Évolution technologique
L'évolution rapide des technologies numériques, y compris l'expansion des réseaux sociaux et les avancées significatives dans le domaine de l'intelligence artificielle (IA), a transformé radicalement la manière dont les émotions collectives sont diffusées et amplifiées. Les plateformes de réseaux sociaux ont permis une communication instantanée, virtuelle et sans frontières, facilitant ainsi une propagation rapide des informations sur les événements climatiques tels que les incendies, les inondations et les sécheresses. Ces médias numériques ne se contentent pas de diffuser des informations factuelles; ils permettent aussi une diffusion massive des émotions collectives, créant des spirales émotionnelles positives ou négatives qui influencent les attitudes et les comportements à grande échelle.
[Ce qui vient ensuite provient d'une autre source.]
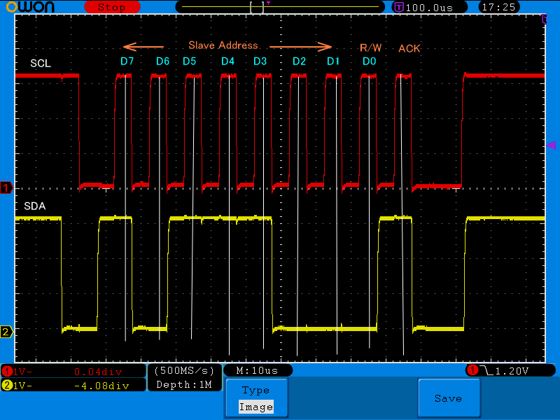 | 湿度センサー 秋月電子通商 温湿度センサ モジュール AM2321 を購入しました。資料が中国語だけです。あまり情報が公開されていません。(もしかして、あまり売れていない?) スレーブアドレスは0xb8となっています。 あれーーーー、i2cdetectで検出されるアドレスは7ビット。0xb8ってどういうこと?あまり深追いをしたくないのですが、調べてみました。 最初に、湿度センサーは本当にI2Cデバイスになっているか? 条件:Power Onから SCL端子をハイ・レベル(3.3V)にして500ms間保持すると SCL端子はPower On からずーーーと3.3Vです。 たぶん、I2Cデバイスになっている。 スリープ状態からどうやって目覚めさせるか? 最初に0xb8を送ると目覚めるらしい?どうやって送るの?結論は、 ioctl (m_nFd, I2C_SLAVE, devAddr) でスレーブアドレスを指定する。 write( m_nFd, NULL, 0); 0バイト書き込む。 エッ!0バイト書き込んだって何もならないでしょう? 当然の疑問です。 本当は、 スレーブアドレスの信号を出す 0バイト書き込む。 となります。 write( m_nFd, NULL, 0); を実行したときのSDA,SCL端子の信号は次のようになりました。 ![]() 信号の意味は。 D7-D1はスレーブアドレスです。 D1を最下位ビットとした信号のアドレスは1011100(0x5c)になります。つまり0xb8を1ビット右シフトした値です。 というこは、i2cdetectで検出できないか? できました。 注意:秋月電子のLCDを外してください sudo i2cdetect -y 1 すぐにもう一度 sudo i2cdetect -y 1 ![]() おおーー!0x5cの湿度センサースレーブアドレスが見えた。 |

Parallèlement, l'intégration croissante de l'IA dans ces plateformes a permis de nouveaux types d'interactions humaines et algorithmiques. Les systèmes de recommandation alimentés par des algorithmes d'apprentissage automatique influencent la structure des réseaux sociaux numériques et modulent la diffusion du contenu émotionnel. De même, l'émergence des bots sociaux, qui sont des comptes automatisés capables de générer et partager du contenu en ligne, a ajouté une nouvelle couche de complexité dans la manière dont les émotions sont manipulées et amplifiées. Enfin, les capacités de l'IA générative (GenAI) permettent désormais de produire à grande échelle des contenus synthétiques hautement réalistes, capables de susciter des réponses émotionnelles ciblées chez les utilisateurs.
Ces technologies façonnent ainsi la perception et la réaction des individus face aux crises climatiques, en amplifiant certaines émotions et en marginalisant d'autres. Elles posent également des défis importants en termes de régulation et d'éthique, car leur potentiel à influencer les jugements et comportements humains soulève des questions cruciales sur l'intentionnalité, la transparence et le consentement.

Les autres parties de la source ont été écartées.